Sessions provide isolated state for your automation tasks. Each session has its own state object that persists between commands.
playwriter session new
This outputs a session ID (e.g., 1). You’ll use this ID in all subsequent commands.
Always use -s <session-id> with your commands. Using the same session preserves your state between calls.
2

Navigate to a page

Use the execute command to run Playwright code. Navigate to a website:
playwriter -s 1 -e 'await page.goto("https://example.com")'
Always wrap -e code in single quotes ('...') to prevent bash from interpreting $, backticks, and other special characters. Use double quotes for strings inside the JavaScript code.
3

Take a snapshot

Get an accessibility snapshot of the page. This shows all interactive elements with their locators:
playwriter -s 1 -e 'console.log(await snapshot({ page }))'
Example output:
- banner:
  - heading "Example Domain" [id="main-heading"]
  - link "More information..." role=link[name="More information..."]
The snapshot shows interactive elements and their Playwright locators (in square brackets).
4

Interact with elements

Use locators from the snapshot to click elements. The snapshot provides the exact selector:
playwriter -s 1 -e 'await page.locator("role=link[name=\"More information...\"]").click()'
Or use the locator directly:
playwriter -s 1 -e 'await page.getByRole("link", { name: "More information..." }).click()'
Always get a fresh snapshot before clicking.
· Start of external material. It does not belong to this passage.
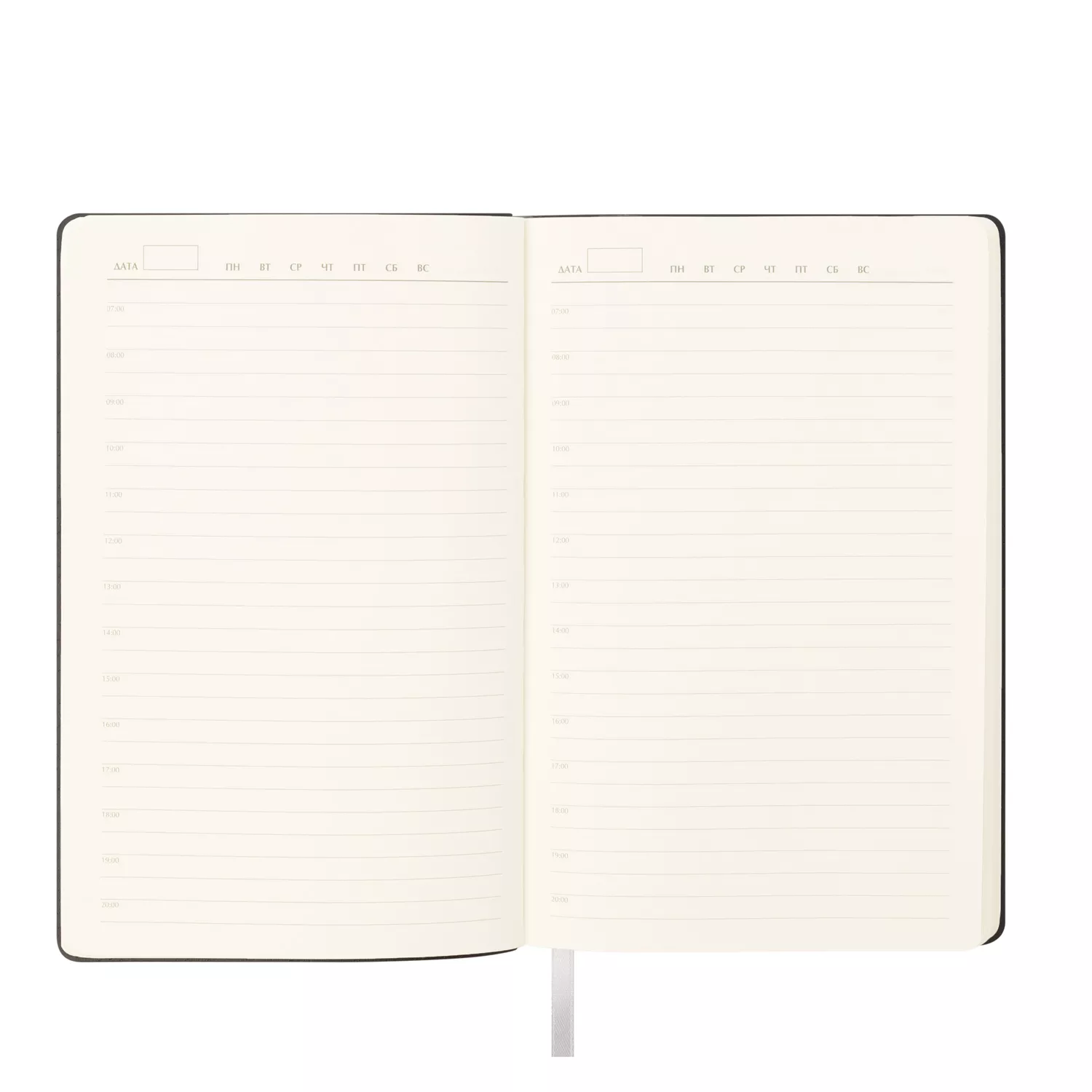 Недатированный ежедневник в гибкой обложке из качественной искусственной кожи со скругленными уголками. Покрытие матовое гладкое, слегка припудренное. Очень приятное на ощупь. Форзац, нахзац и срез кремового цвета. Страницы со скругленными уголками из гладкого шелковистого офсета, кремовые. Одинарное атласное ляссе в цвет обложки. Без пластиковой коробки, без стикеров, без логотипа Portobello на задней обложке.

Locators can change when the page updates.
5

Check the result

After any action, verify what happened by printing the URL and taking another snapshot:
playwriter -s 1 -e 'console.log("URL:", page.url()); console.log(await snapshot({ page }))'
This is the observe → act → observe loop. Always check page state after actions.

Create your own page

The default page variable is shared across all sessions. To avoid interference from other agents, create your own page:
playwriter -s 1 -e '
state.page = context.pages().find(p => p.url() === "about:blank") ?? await context.newPage();
await state.page.goto("https://example.com");
console.log("URL:", state.page.url());
'
Now use state.page for all subsequent operations:
playwriter -s 1 -e 'console.log(await snapshot({ page: state.page }))'
playwriter -s 1 -e 'await state.page.click("button")'

Multiline code

For complex logic, use a heredoc to avoid bash quoting issues:
playwriter -s 1 -e "$(cat <<'EOF'
const title = await state.page.title();
const url = state.page.url();
console.log({ title, url });
EOF
)"
The quoted 'EOF' delimiter disables all bash expansion, so $, backticks, and single quotes work inside the JavaScript.

Session management

List all active sessions:
playwriter session list
Example output:
ID  State Keys
--------------
1   myPage, userData
2   -
Reset a session if the browser connection is stale:
playwriter session reset 1

Taking screenshots

For visual layout issues, take a screenshot with visual labels:
playwriter -s 1 -e 'await screenshotWithAccessibilityLabels({ page: state.page })'
This overlays Vimium-style labels on interactive elements, captures a screenshot, then removes the labels. The image and accessibility snapshot are automatically included in the response.
Always use scale: 'css' when taking screenshots to avoid 2-4x larger images on high-DPI displays:
playwriter -s 1 -e "await state.page.screenshot({ path: 'screenshot.png', scale: 'css' })"

Persist data in state

The state object persists between execute calls within your session:
playwriter -s 1 -e 'state.users = await state.page.$$eval(".user", els => els.map(e => e.textContent))'
playwriter -s 1 -e 'console.log(state.users)'
Each session has its own isolated state. Sessions don’t interfere with each other.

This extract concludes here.